Like big rocks and 5/8 lead sinkers


----------



## dgui (Jan 12, 2010)

capnjoe said:


> Darrell just gifted me six bands o gum rubber. I put a set on that neat shooter I got from Rockslinger Jim. Haven't pouched it yet, but tomorrow looks promising.
> Can't wait to see your chrony results. They are mean and snappier than a hot turtle, but harder to draw than bands of similar size. Time will tell the draw to power ratio.
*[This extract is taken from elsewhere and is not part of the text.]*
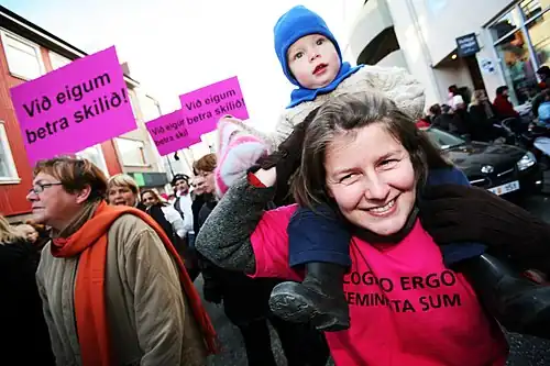 В 1980 году Вигдис Финнбогадоттир стала первой женщиной в мире, избранной на пост конституционного главы государства[5]. Позднее всеобщие забастовки женщин в Исландии проводились в 1985, 2005 и 2010 годах[6]. Исландия в 2020 году в 11-й раз подряд возглавила ежегодный рейтинг гендерного равенства, публикуемый Всемирным экономическим форумом с 2006 года, с индексом гендерного разрыва 88 %[9].

*Gum Rubber is on the slow side and that is why some can shoot rocks real good with them like Rufus did.*


----------



## Flatband (Dec 18, 2009)

Here's a little video I did this afternoon testing that new Gum Rubber I got. I like it. I think because of the texture, being very smooth and slick ,the lasting qualities should be good too. Always nice to get some new rubber to try-check it out! Flatband


----------



## capnjoe (Jun 3, 2012)

Real shiny!
Here's mine. Also shot today. I tested it on a full can o soup and a giant marble. Must be some kind of record for gum rubber testing. WEIRD!




Thanks for lookin'.


----------



## Flatband (Dec 18, 2009)

Everybody is going Gummy today-COOL! Flatband


----------



## Btoon84 (Nov 22, 2011)

Is this the stuff I just got from you kind dgui!?!?!?!


----------



## GoodShot (Dec 28, 2012)

I bought some natural gum rubber 1/16" thick from a local dealer and cut some bands 1/2" wide and 8" long I tied them up to my slingshot and the pull was very heavy with not much speed. Is there something im missing ?


----------



## flippinout (Jul 16, 2010)

GoodShot said:


> I bought some natural gum rubber 1/16" thick from a local dealer and cut some bands 1/2" wide and 8" long I tied them up to my slingshot and the pull was very heavy with not much speed. Is there something im missing ?


Try tapering it and cut them longer... around 10-12". Or just try the 1/2" at 10-12".


----------